Can I use frozen corn instead of fresh?

Yes, absolutely! You can substitute frozen corn kernels for fresh. Add them directly to the skillet during the assembly step; they will thaw and heat through as the dish is reheated.

Do I have to use cilantro?

Cilantro adds a fresh, bright note, but if you’re not a fan, you can omit it or substitute it with fresh parsley. Other fresh herbs like chives or basil could also work.

Can I make this recipe spicier?

To make this dish spicier, you can use a spicy sausage like hot Italian or a spicier Cajun sausage. You can also add a pinch of red pepper flakes along with the chili powder or a dash of your favorite hot sauce before serving.

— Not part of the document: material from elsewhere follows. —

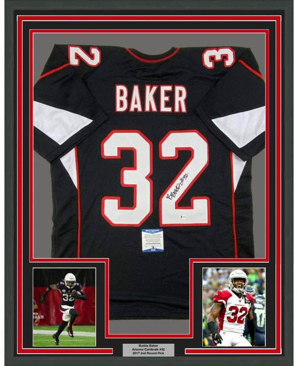 Framed Autographed/Signed Budda Baker 35x39 Arizona Black Football Jersey Beckett BAS COA

Sausage and Veggies Skillet with Bell Peppers, Zucchini, and Corn

This simple sausage and veggies skillet dinner features bell peppers, zucchini, corn, and fresh cilantro. It’s an easy and colorful meal that takes only 30 minutes to make and everything is cooked in one pan. It’s perfect for meal prep and busy family weeknights!
Prep Time 15 minutes
Cook Time 15 minutes
Total Time 30 minutes
Servings: 4 people
Course: Main Course
Cuisine: American
Calories: 370

Ingredients
  

Ingredients
  • 1 tablespoon olive oil
  • 12 oz cooked sausage such as cajun sausage, andouille sausage, or smoked sausage
  • 1 large red bell pepper diced
  • 1 large zucchini sliced
  • 2 cup corn kernels from 3 ears, completely cooked
  • 0.5 teaspoon chili powder
  • fresh cilantro chopped, for topping
  • salt to taste, optional

Method
 

Instructions
  1. Heat 1 tablespoon of olive oil in a cast-iron skillet over medium heat. Slice the cooked sausage into coins and add to the skillet. Cook for 5 minutes on one side, then flip and cook for about 3 minutes on the other side until browned. Remove the sausage from the skillet to a plate, leaving some of the rendered fat in the pan. Reserve any excess fat in a small, heat-proof bowl.
  2. Add the diced red bell pepper to the same skillet and cook over medium heat for about 4 minutes. You may need to add a little of the reserved sausage fat to prevent sticking. Transfer the cooked bell pepper to the plate with the sausage.
  3. Add the sliced zucchini to the skillet and cook over medium heat for about 3 minutes. Again, add reserved sausage fat if needed to prevent sticking. Transfer the cooked zucchini to the plate with the sausage and bell peppers.
  4. While the vegetables are cooking, slice the corn kernels off the cobs of the cooked corn.
  5. Return the cooked sausage, bell pepper, and zucchini to the skillet. Add the corn kernels and any reserved sausage fat. Stir everything together well.
  6. Sprinkle the chili powder over the mixture and stir to combine. Reduce the heat to low and gently reheat everything for 2-3 minutes. Taste and season with salt if desired, though the sausage is often salty enough.
  7. Remove the skillet from the heat and top generously with fresh chopped cilantro before serving.

Notes

This recipe is naturally gluten-free. The nutritional information is an estimate. Adjust seasoning to your preference, as the sausage can be quite salty.